Building Community Through Art


Leon Kennedy has lived and worked in Oakland, California for over 25 years and has been a resident of Oak Center Towers, a Covia Affordable Community, for seven. If you are out, about, and aware, you may just run into him on an Oakland street — where he is busy capturing on canvas the people and scenes of Bay Area life. Leon paints on “everything.” Some of his most impressive works have been captured on bed sheets he has found on the streets. Works on wood, tables and chairs, glass, and metal (even hubcaps) have been known to grace a thorough Kennedy collection. Many of the materials he works with come from the East Bay Depot for Creative Reuse in Oakland. He creates his artworks with markers, paints, crayons, beads, glitter, cotton, yarn, and rope.

Leon is rated one of the top 100 self-taught artists in the country. His works are coveted by prominent Folk Art collectors everywhere. Serious collectors take huge store in the fact that Mr. Kennedy’s works appear in the Smithsonian Institute, which adds value to the ownership of a Kennedy original.

Community is a central part of Kennedy’s vision of life, as shown in his painting, “Thou Shalt Love Thy Neighbor as Thyself.” Kennedy explains that his art stems from his love for humanity, and he especially loves to paint the faces of the people that matter most to him, his close friends and family and neighbors.

“I love to see a picture of the beauty of old faces, young faces, all colors,” he says. “Everyone has their own beauty, everyone has character, and everyone goes through something. My work is based on community and family, and I love doing the faces and showing the heart and love. The heart of the community — you call it love.”

It is profoundly important for Leon Kennedy that his art serves the community. In a recent application Kennedy made for a public mural, a panelist said, “Mr. Kennedy actively builds community through his art.” His proposal was approved and the mural will be completed in 2020 at the African American Museum and Library.

“The main idea of my art is concern for people, encouraging someone else,” he said. “I love when someone loves the work, and feels touched. We’re here to serve and love and encourage one another. When I get a vision, I hope it helps someone.”

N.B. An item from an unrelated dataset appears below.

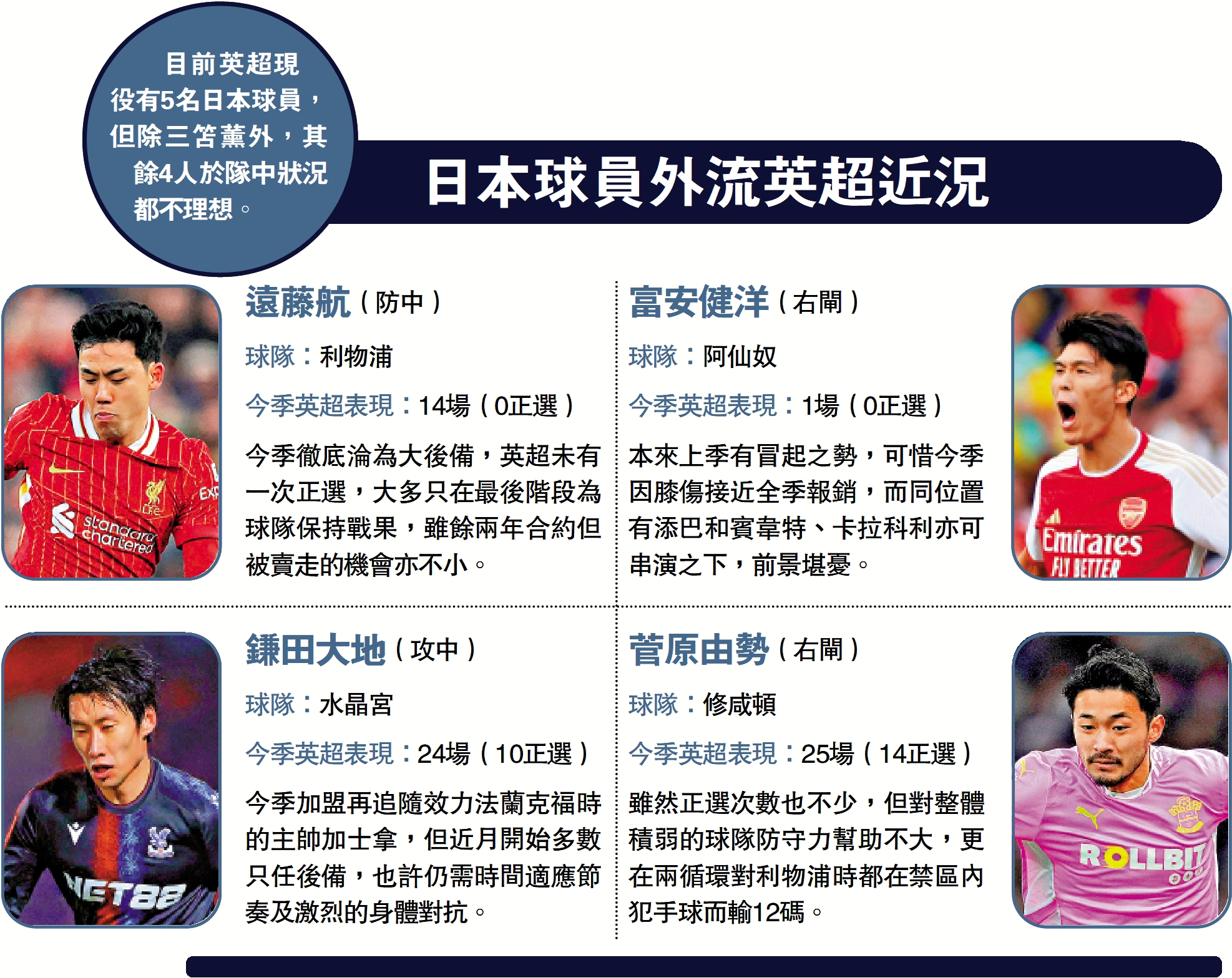 目前英超現役有5名日本球員,但除三笘薰外,其餘4人於隊中狀況都不理想。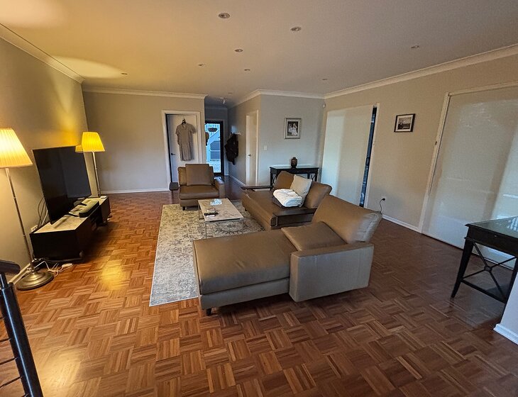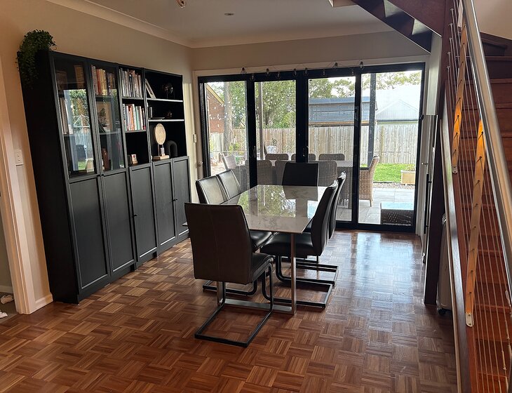 We live in a large, double storey home with kitchen, main bedroom, en-suite and main living areas located on the upper level. There is also a second living and dining area, three bedrooms, bathroom and laundry downstairs.

He has long had a vision as an artist. “As a child I knew that art was my vocation,” Kennedy said. Born in 1945 in Houston, Texas, he moved to the Bay Area in 1965. He lived in San Francisco’s Mission District in the 1970s and painted his first public mural in Hunter’s Point during that time. In Oakland, Kennedy began by painting on cloth, but he soon ran out of canvas, so he started painting on bed sheets and other found materials.

It seems fitting that he often finds his “canvases” on the street. “My art studio is the street,” Kennedy explained. “I paint on bed sheets that I hang on wooden fences and building walls.”

Kennedy paints nearly every day, often working on a bed sheet or a huge piece of cloth spread out on the floor of his studio apartment. He paints while kneeling, as if immersed in prayer. He explains that artistic visions constantly come to him. Living at Oak Center Towers provides him with a steady home base as well as a community from which to draw inspiration. “I love the variety of people here, I love my view of downtown,” he said. “The staff here is so supportive; anything that needs fixed is taken care of right away. I’m also inspired by the other artists here. I’d love to bring them all together so the world can see our creativity.”

Leon Kennedy will have a public mural called Oakland Faces on display at the Oakland Public Library in January. His work will be on exhibition at the Oakland Asian Cultural Center in February as a part of the Black History Month celebration.

*This article was previously published in the Fall 2019 edition of Community Matters with quotes adapted from a Street Spirit article from April 2014.